I renamed a couple of the variable names here to make it easier to track (namely: carselection and racetype). However at a high level, here’s what’s happening:

  1. The user is prompted to pick a car (1 or 2).
  2. The user is then prompted to pick a race type via a call to race_type() (again, 1 or 2).
  3. Depending on which combination of car and race type are selected, iVar1 and the racetype variables get randomly decided against some modulo math. Exactly which modulo values are used will differ based on the combination.
  4. After this, a check is performed based on carselection, iVar1, and the racetype variables. If passed, the flag is read into memory but is not output anywhere.
  5. The user is prompted for one more victory message.

Our first goal then is to ensure that the code flow arrives at reading in the flag to memory. Working backwards, that must make one of these evaluated as true:

1

((carselection == 1) && (racetype < iVar1))

Or

1

(carselection == 2 && (iVar1 < racetype))
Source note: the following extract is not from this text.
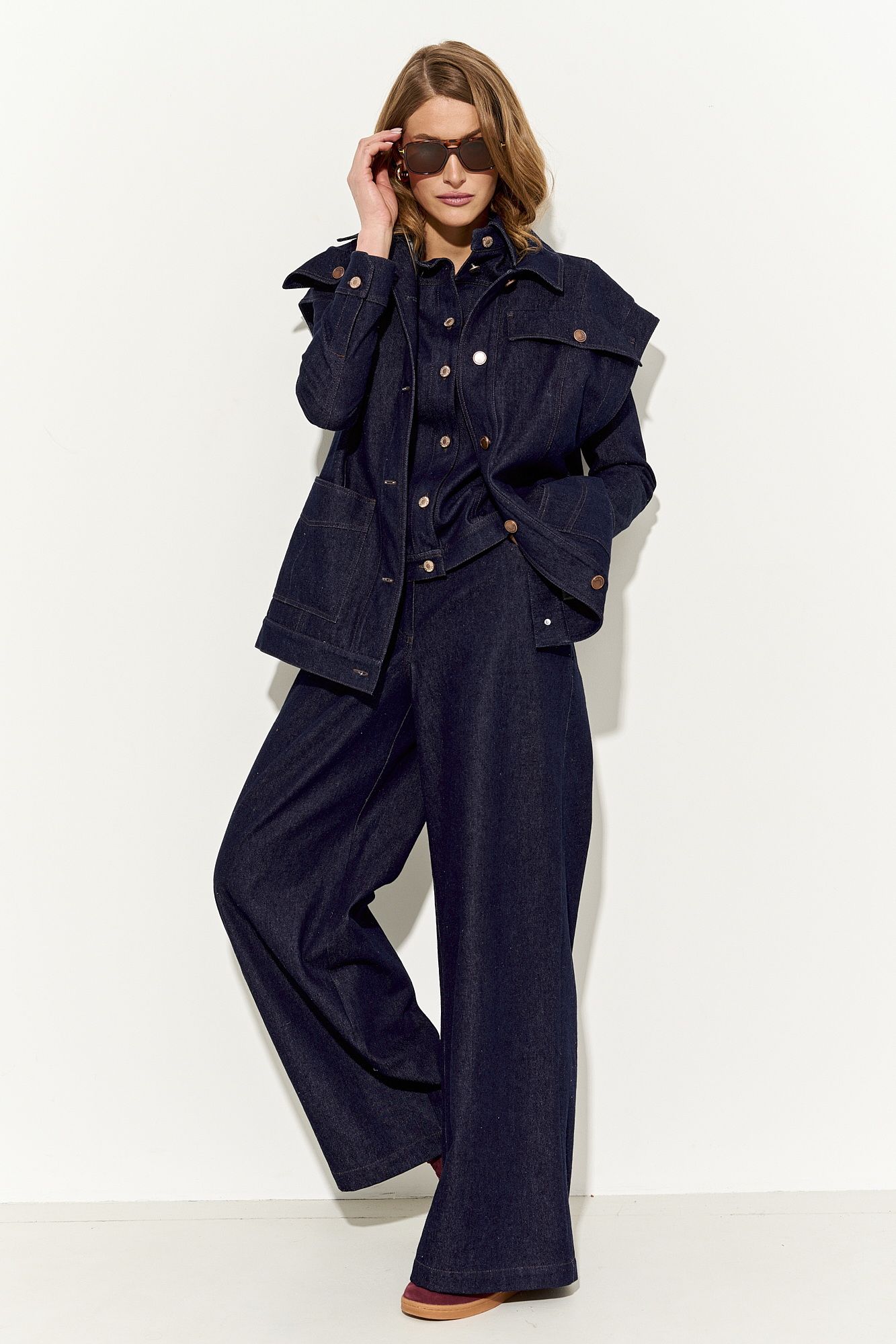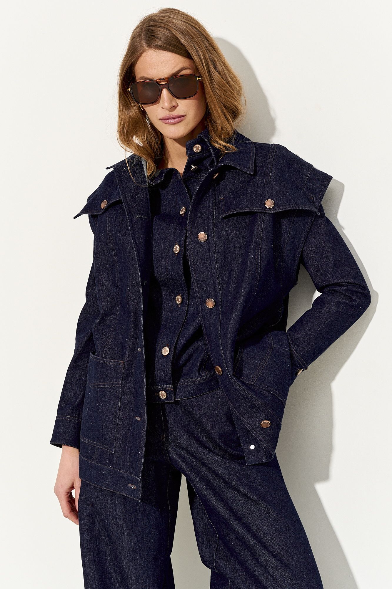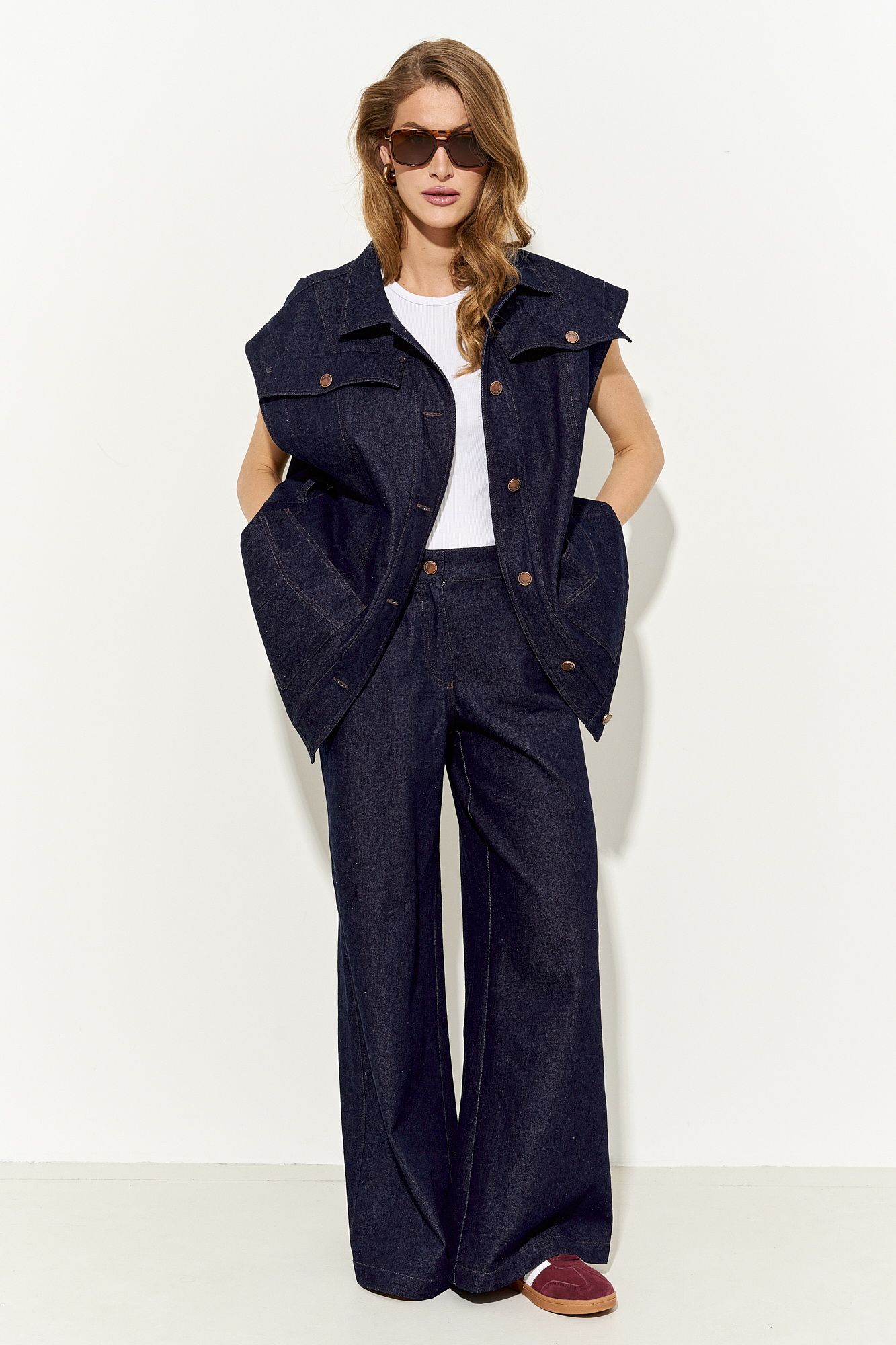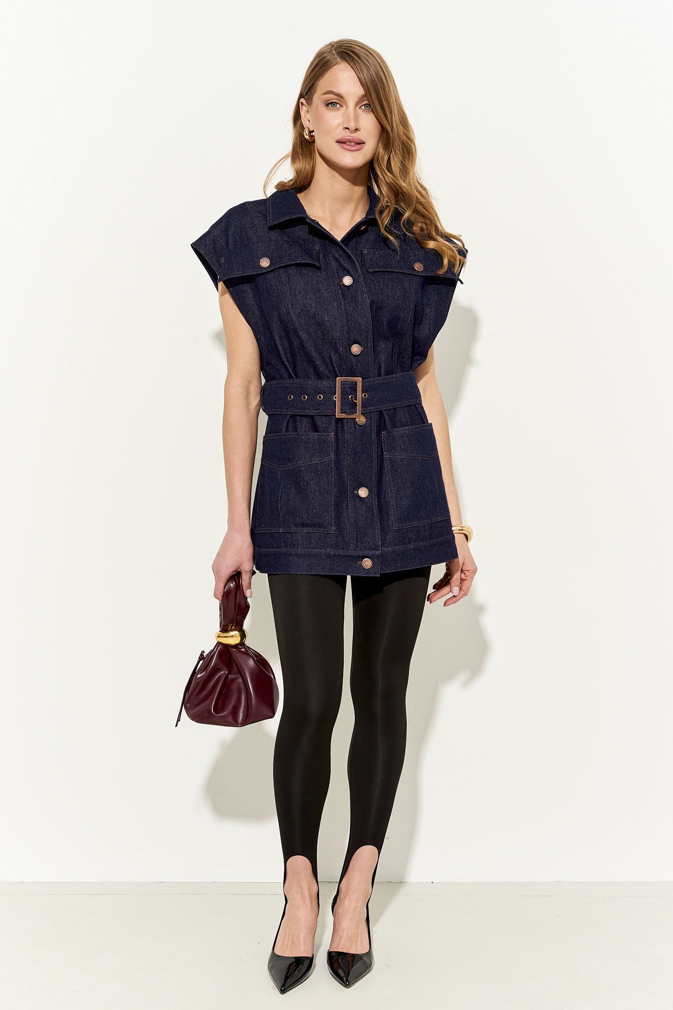 Стильный женский жилет свободного кроя выполнен из натурального хлопкового джинса без подкладки; по переду клапаны-обманки и прорезные функциональные карманы; воротник рубашечный; линия плеча немного спущена; застежка на петли и пуговицы. По спинке хлястики, которыми можно регулировать объем жилета. В комплекте сьемный пояс из основной ткани. Жилет полностью соответсвует заявленному размеру. Пожалуйста, пользуйтесь таблицей замеров готового изделия, чтобы подобрать идеальный размер. Уход за изделиями: - при стирке в стиральной машине выбрать бережный либо деликатный режим, - температура воды не выше 30 градусов; - рекомендована химчистка.

We can trivially control carselection from the menu, but racetype and iVar1 are a little more challenging. Those are set at random based on what carselection and racetype are. However, due to the modulo math, we can skew the likelihood of which will be larger in size.

  • If carselection and racetype are 1 and 2 respectively, then racetype is likely to be smaller than iVar1.
  • If carselection and racetype are 2 and 1 respectively, then racetype is likely to be greater than iVar1.
  • If carselection and racetype are equal, then racetype is likely to be wrongly size relative to iVar1.

Ergo, we can go with either the first or second bullet(s) to land in our desired code block.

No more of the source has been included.